-- Opening Marker --

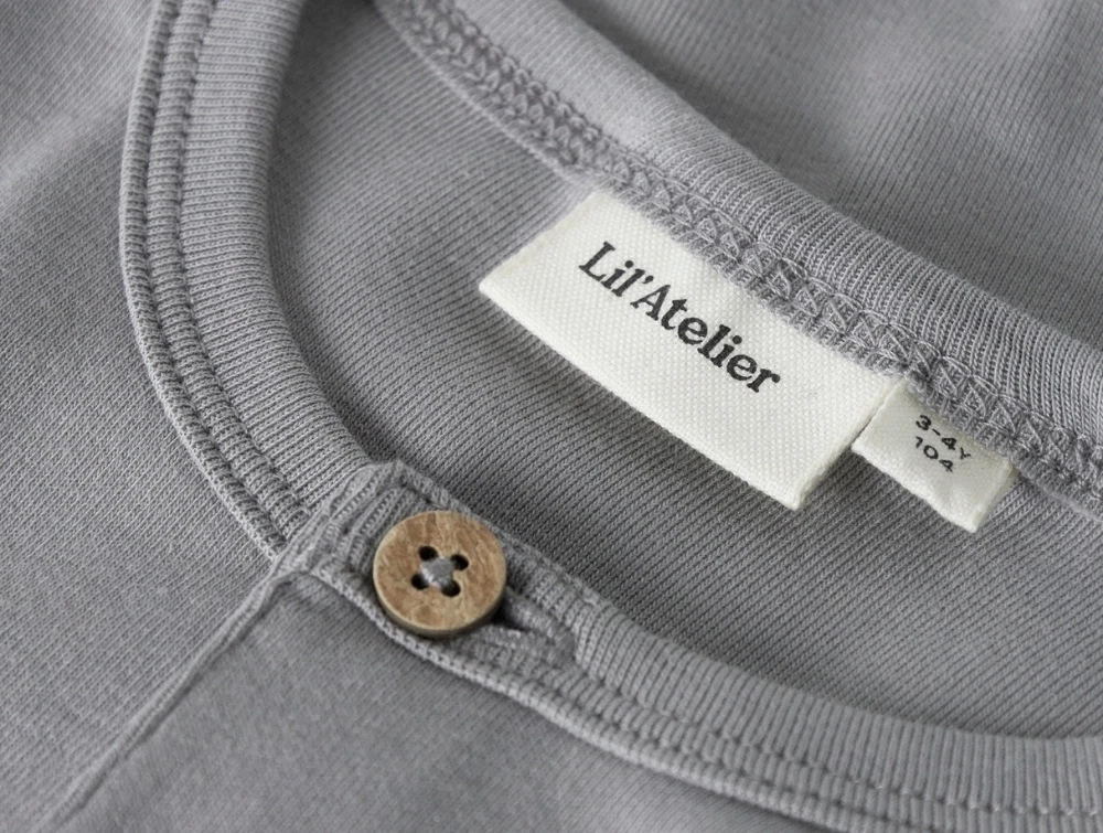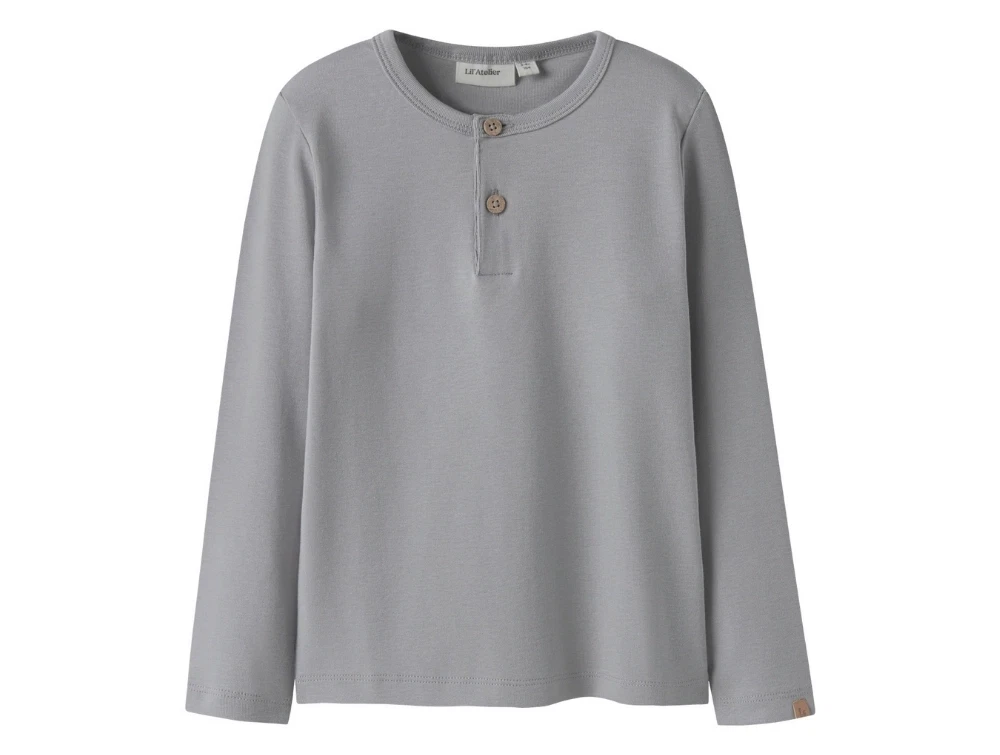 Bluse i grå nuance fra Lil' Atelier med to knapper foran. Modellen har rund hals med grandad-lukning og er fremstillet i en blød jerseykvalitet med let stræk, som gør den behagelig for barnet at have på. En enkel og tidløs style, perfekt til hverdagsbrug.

-- Closing Marker --
-- Opening Marker --

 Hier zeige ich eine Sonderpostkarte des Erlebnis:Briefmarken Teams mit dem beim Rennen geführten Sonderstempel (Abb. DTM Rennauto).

-- Closing Marker --
-- Opening Marker --

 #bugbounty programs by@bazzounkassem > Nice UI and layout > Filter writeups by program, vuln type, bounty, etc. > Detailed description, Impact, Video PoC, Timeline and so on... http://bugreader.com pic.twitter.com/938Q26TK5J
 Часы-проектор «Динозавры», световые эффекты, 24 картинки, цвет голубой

-- Closing Marker --

** What this task involves **
Starting at the line above that holds "#bugbounty programs by@bazzounkassem" and ending at the line that holds "картинки, цвет голубой", transcribe each line exactly and include no other lines.

** Reply **
 #bugbounty programs by@bazzounkassem > Nice UI and layout > Filter writeups by program, vuln type, bounty, etc. > Detailed description, Impact, Video PoC, Timeline and so on... http://bugreader.com pic.twitter.com/938Q26TK5J
 Часы-проектор «Динозавры», световые эффекты, 24 картинки, цвет голубой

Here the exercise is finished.